Paper
17 April 1995 Segmentation of frames in a video sequence using motion and other attributes
Edmond Chalom, V. Michael Bove Jr.
Author Affiliations +
Proceedings Volume 2419, Digital Video Compression: Algorithms and Technologies 1995; (1995) https://doi.org/10.1117/12.206362
Event: IS&T/SPIE's Symposium on Electronic Imaging: Science and Technology, 1995, San Jose, CA, United States
Abstract
Motion-compensated video coders typically segment a scene into arbitrary tiles, resulting in a compressed bitstream which is not physically or semantically related to the scene structure.

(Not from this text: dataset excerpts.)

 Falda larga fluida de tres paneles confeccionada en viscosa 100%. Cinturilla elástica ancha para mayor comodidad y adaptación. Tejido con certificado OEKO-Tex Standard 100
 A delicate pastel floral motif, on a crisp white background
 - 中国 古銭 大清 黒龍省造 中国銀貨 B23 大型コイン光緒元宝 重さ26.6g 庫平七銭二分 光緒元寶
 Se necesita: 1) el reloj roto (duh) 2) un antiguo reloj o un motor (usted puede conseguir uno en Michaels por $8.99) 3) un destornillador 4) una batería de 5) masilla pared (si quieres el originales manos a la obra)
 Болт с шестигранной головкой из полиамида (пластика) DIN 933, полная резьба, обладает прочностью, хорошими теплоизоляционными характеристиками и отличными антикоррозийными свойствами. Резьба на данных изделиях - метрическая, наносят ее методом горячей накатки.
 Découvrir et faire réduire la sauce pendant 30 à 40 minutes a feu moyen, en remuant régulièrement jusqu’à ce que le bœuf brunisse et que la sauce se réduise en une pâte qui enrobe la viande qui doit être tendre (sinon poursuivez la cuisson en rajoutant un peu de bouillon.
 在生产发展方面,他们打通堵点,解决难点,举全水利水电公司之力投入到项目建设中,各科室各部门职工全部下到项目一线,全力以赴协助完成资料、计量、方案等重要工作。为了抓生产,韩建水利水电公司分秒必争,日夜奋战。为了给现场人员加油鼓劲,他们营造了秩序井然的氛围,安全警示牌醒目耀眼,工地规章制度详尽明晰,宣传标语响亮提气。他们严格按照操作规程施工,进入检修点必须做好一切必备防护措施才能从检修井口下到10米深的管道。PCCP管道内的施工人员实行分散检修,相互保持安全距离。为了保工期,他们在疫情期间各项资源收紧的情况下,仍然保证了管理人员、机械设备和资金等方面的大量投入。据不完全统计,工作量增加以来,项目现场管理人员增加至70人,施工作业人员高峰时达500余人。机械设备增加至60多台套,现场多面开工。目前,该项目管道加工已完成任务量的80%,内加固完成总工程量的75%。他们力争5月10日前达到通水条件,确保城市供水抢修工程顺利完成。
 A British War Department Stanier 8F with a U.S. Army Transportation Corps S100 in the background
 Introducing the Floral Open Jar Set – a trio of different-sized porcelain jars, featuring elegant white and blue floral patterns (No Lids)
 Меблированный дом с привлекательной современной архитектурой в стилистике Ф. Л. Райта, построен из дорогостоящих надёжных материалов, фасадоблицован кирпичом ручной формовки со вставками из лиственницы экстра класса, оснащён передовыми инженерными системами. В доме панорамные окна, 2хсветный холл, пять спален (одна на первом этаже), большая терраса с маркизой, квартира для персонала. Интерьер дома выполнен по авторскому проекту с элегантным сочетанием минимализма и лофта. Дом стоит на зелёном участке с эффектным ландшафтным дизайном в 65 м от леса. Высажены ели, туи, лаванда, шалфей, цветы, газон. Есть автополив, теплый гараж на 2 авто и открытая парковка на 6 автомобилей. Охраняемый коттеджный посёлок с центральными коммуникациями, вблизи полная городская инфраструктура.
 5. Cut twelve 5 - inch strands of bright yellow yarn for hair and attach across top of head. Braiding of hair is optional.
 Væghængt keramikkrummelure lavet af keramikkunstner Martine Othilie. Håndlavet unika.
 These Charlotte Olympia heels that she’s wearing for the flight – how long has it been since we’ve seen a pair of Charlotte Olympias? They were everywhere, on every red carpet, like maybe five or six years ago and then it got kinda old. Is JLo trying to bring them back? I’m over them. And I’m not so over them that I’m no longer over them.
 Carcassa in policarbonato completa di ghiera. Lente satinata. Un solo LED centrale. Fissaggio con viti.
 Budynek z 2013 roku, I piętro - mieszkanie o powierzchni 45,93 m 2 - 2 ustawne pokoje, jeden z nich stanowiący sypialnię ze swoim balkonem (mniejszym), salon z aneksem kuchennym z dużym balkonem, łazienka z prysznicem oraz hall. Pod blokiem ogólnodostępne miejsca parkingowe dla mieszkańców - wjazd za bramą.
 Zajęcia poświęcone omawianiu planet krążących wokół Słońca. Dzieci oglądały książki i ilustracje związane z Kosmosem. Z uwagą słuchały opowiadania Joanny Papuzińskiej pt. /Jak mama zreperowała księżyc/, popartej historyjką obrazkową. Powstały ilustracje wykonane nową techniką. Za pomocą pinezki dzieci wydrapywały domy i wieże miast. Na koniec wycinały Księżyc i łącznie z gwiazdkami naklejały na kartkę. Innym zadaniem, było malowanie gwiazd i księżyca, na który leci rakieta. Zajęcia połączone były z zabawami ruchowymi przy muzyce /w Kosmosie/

This paper presents a method for segmenting video frames and coding motion of regions, where the regions are defined in terms of a number of different properties. The goal is a video coder which gives good compression while identifying coherent regions in a manner useful for both human users and automated scene-understanding processes. Both a supervised and an unsupervised clustering algorithm are used to segment an image sequence; both algorithms make use of multiple features including motion, texture, position, and color. By utilizing both the structure and motion information, we preserve the semantic/structural content of the different regions, and simultaneously remove the redundancy (in successive frames) by describing the motion information in each region with a six-parameter affine model. In the supervised clustering algorithm, the first frame is manually segmented and used as training data. The classification of subsequent frames is done automatically, by using a MAP estimate, and modeling the n-dimensional feature-space as jointly Gaussian. The unsupervised algorithm is an iterative process that reassigns the classification of each point to the region corresponding to the nearest mean among each region of the segmentation from the previous iteration. In both algorithms, the distance and/or the mean is an n-dimensional measurement, n being the number of features used.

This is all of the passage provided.